IPCD-Net: Intrinsic Decomposition for 3D Point Clouds

Updated 17 November 2025

IPCD-Net is an end-to-end deep learning framework that separates 3D point clouds into per-point albedo and shading components, addressing challenges in unstructured data.
It employs Point Transformer v2 for permutation-invariant feature aggregation and a Projection-based Luminance Distribution module to capture global illumination cues.
The network enables precise texture editing, relighting, and point-cloud registration by significantly reducing shading errors and enhancing color accuracy.

Intrinsic Point-Cloud Decomposition Network (IPCD-Net) is an end-to-end deep learning architecture designed to separate albedo and shading components directly from colored 3D point clouds, enabling tasks such as relighting, texture editing, and robust registration under varying outdoor illumination. IPCD-Net addresses the fundamental challenges posed by the irregular nature of point-cloud data and the necessity to infer global illumination properties in the absence of explicit light direction or color, which prior image-based and point-based decomposition techniques fail to handle effectively.

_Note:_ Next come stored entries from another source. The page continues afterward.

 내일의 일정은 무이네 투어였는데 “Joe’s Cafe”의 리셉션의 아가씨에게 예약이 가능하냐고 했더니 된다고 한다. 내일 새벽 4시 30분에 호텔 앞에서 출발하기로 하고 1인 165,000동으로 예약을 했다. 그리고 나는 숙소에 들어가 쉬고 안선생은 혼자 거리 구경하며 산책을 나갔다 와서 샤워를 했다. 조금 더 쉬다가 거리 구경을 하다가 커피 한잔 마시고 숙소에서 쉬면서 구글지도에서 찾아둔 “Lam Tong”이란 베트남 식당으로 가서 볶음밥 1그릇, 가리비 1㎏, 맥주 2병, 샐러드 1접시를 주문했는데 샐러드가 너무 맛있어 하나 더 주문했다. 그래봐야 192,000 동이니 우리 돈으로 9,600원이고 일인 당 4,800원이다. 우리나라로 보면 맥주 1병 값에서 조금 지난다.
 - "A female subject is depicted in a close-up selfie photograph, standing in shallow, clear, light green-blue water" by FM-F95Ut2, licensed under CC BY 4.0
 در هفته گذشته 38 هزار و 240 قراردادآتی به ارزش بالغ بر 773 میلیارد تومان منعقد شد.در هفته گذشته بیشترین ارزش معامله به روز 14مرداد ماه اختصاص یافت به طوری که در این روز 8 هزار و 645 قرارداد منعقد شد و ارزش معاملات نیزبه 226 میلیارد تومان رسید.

1. Formulation of Intrinsic Decomposition for Point Clouds

The intrinsic decomposition task seeks, for each spatial location, to factor observed color into albedo and shading from a single observation, typically under a Lambertian assumption for reflectance. In the classical image setting, this is expressed as $I(p) = A(p) \cdot S(p)$ , where $I$ is the pixel color, $A$ the per-pixel albedo, and $S$ the shading due to illumination. IPCD-Net extends this paradigm to unordered point sets: for a point cloud represented by positions $P \in \mathbb{R}^{N\times 3}$ and observed colors $I \in \mathbb{R}^{N\times 3}$ , the aim is to learn functions predicting $\hat{A}, \hat{S} \in \mathbb{R}^{N\times 3}$ such that, at each point $i$ :

$I_i \approx \hat{A}_i \odot \hat{S}_i$

where $\odot$ denotes elementwise multiplication. All predictions and supervisory signals reside natively in point-cloud space, obviating rasterization or grid imposition.

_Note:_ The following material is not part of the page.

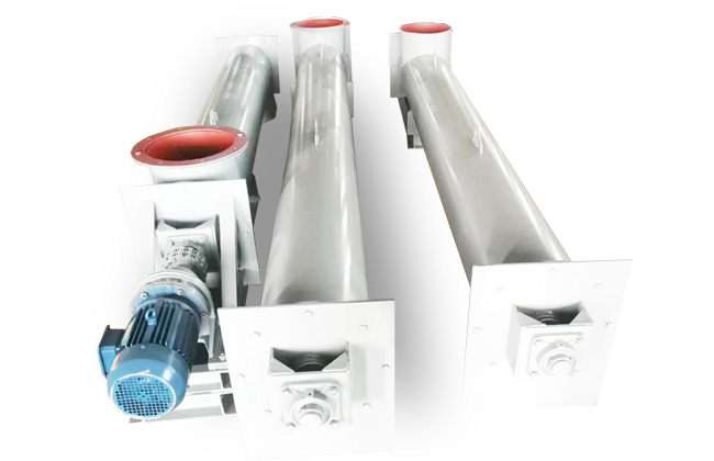 一臺螺旋輸送機通常由螺旋機本體、進出裝置、驅(qū)動裝置三大部分組成。

2. Network Architecture and Pointwise Feature Aggregation

IPCD-Net processes input per-point features comprised of 3D coordinates $P_i$ and RGB color $I_i$ . For permutation-invariant feature learning, it employs Point Transformer v2 (PTv2) as a shared encoder, assembling k-nearest neighbor graphs and applying grouped vector attention, producing latent features $F \in \mathbb{R}^{N \times C}$ . Two “pre-estimate” heads, parameterized as small multi-layer perceptrons (MLPs), then predict initial albedo and shade estimates denoted $A' \in \mathbb{R}^{N\times 3}$ and $S' \in \mathbb{R}^{N\times 3}$ .

Downstream, global-light context is introduced by the Projection-based Luminance Distribution (PLD) module, whose output is concatenated per-point to the pre-estimates. Two refinement MLP heads subsequently yield the final predictions, $\hat{A}$ and $\hat{S}$ . All operations—attention, MLP layers, neighbor search—are natively set-based and respect the unordered, non-uniform density of point clouds.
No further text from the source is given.